Też mi robota!
- No dobra, pani do telewizji, rozumiem. A pan co? Pracuje się gdzieś? - Lidia Stanisławska przytacza potyczki warszawskiego aktora TOMASZA STOCKINGERA z policją.
Potyczki naszych artystów z chłopcami radarowcami powinny się doczekać oddzielnego opracowania, bo z racji ciągłego przemieszczania się mają artyści tych przygód bardzo dużo.
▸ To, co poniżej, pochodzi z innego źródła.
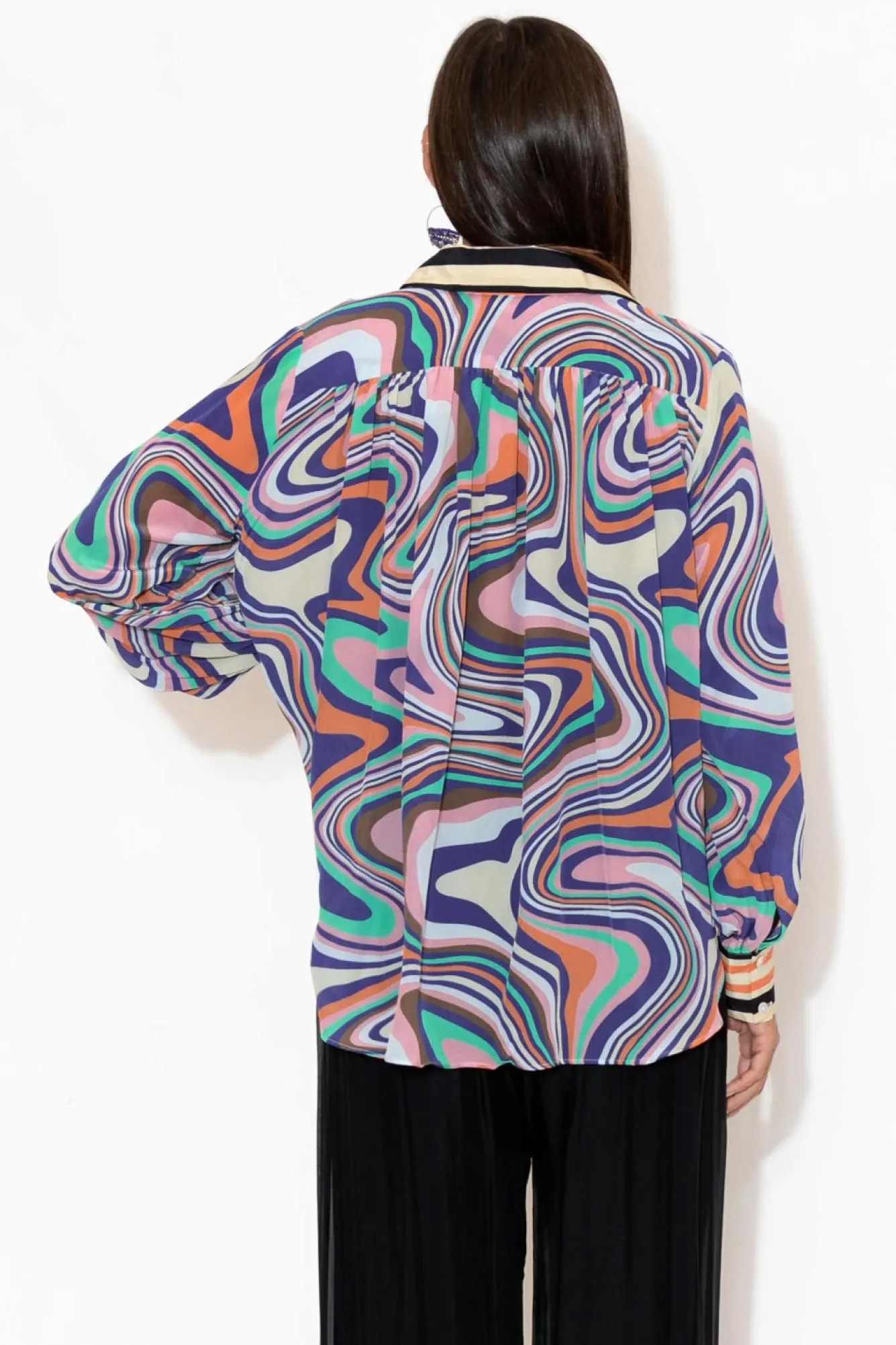 Fit: True To Size. Slightly Oversized Fit. Refer To Size & Fit Tab Below For Specific Size Recommendation NNfabric: 100% SilkNmake A Statement In The Office With This Trendy, Non-Stretch Silk GarmentNhidden Button-Down Style With Structured CollarNextra Long Statement Puff Sleeve With Thick Buttoned, Embellished CuffNNclassic, Straight Cut Fit NNstraight HemlineNNbelow Hip LengthNNcare: Cool Gentle Hand Wash RecommendedNNcolour: Abstract Ripple Print With Hints Of Blue, Orange And Green

Tomek Stockinger zastanawia się poważnie, czy nie wystartować w wyborach, póki co, samorządowych. Dlaczego? Nie chce zawieść pewnego policjanta, który przyhaczył go w centrum stolicy za jakieś drobne wykroczenie. Rozpoznał, wybaczył, pouczył i poprosił o receptę. Żegnając się, wzruszony wyszeptał: - Życzę panu, by zrobił pan karierę - tu funkcjonariusz podrapał się w głowę, szukając wzorca - jak Arnold Schwarzenegger. Dało to Tomkowi do myślenia.
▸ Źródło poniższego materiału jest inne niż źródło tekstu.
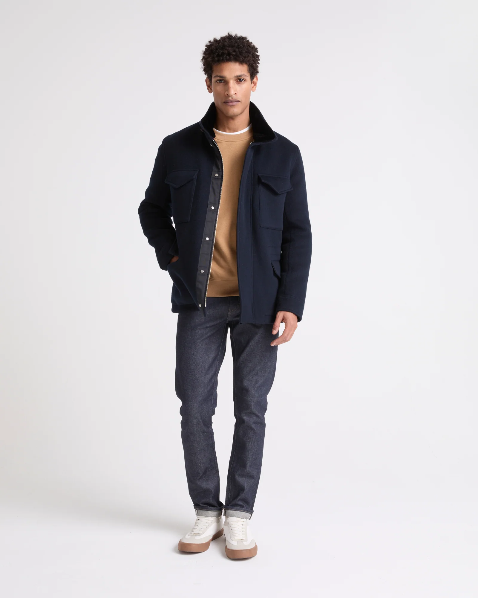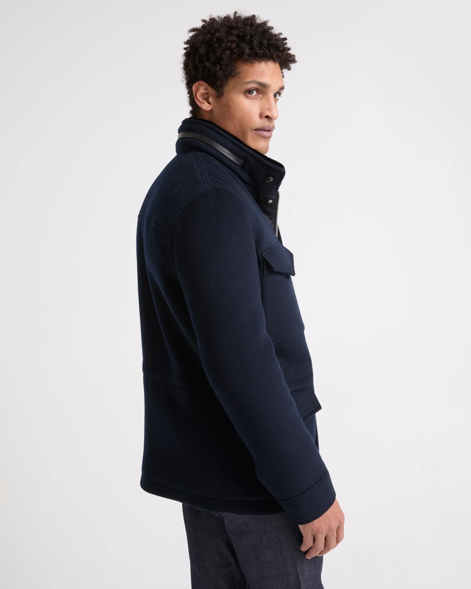 Field jacket in double-sided wool-cashmere with mink trim

Nie miał takiego zrozumienia i sympatii u władzy drogowej, gdy wspólnie z Agatą Młynarską zdążał chyżo z Wrocławia, bo dużo jeździ z koncertami po kraju, do Warszawy. Przekroczył, niestety, we wsi dolnośląskiej ustawową dopuszczalną prędkość, a tu, stop i usłyszał sakramentalne: - Dokumenciki proszę!
Obojętność na twarzy młodego policjanta wskazywała, że twarz aktora obojętna mu jest również. Próżno ten ostatni naprowadzał go na identyfikację, cały miły i wdzięczny (od wdzięczenia). Władza pozostała chłodna.
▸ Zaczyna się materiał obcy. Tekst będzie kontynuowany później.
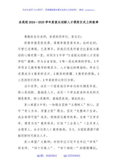 / 在我校2024-2025学年度拔尖创新人才颁奖仪式上的致辞

Wezwał więc Tomek sławną telewizyjną koleżankę na odsiecz, prosząc o otworzenie szyby w samochodzie i kontynuację wdzięczenia się z dołączeniem trzepotania rzęs. On miał dokładać do wdzięczenia ścieżkę dźwiękową. Długo mówił, jak bardzo się spieszą, bo ta urocza pani ma właśnie program w telewizji na żywo etc. etc. Pan władza słuchał w skupieniu, studiując i międląc w ręku dokumenty. W końcu niewzruszone do tej pory lico ozdobił wyraźny grymas niesmaku. Przerwał słowotok artysty: - No dobra, pani do telewizji, rozumiem. A pan co? Pracuje się gdzieś?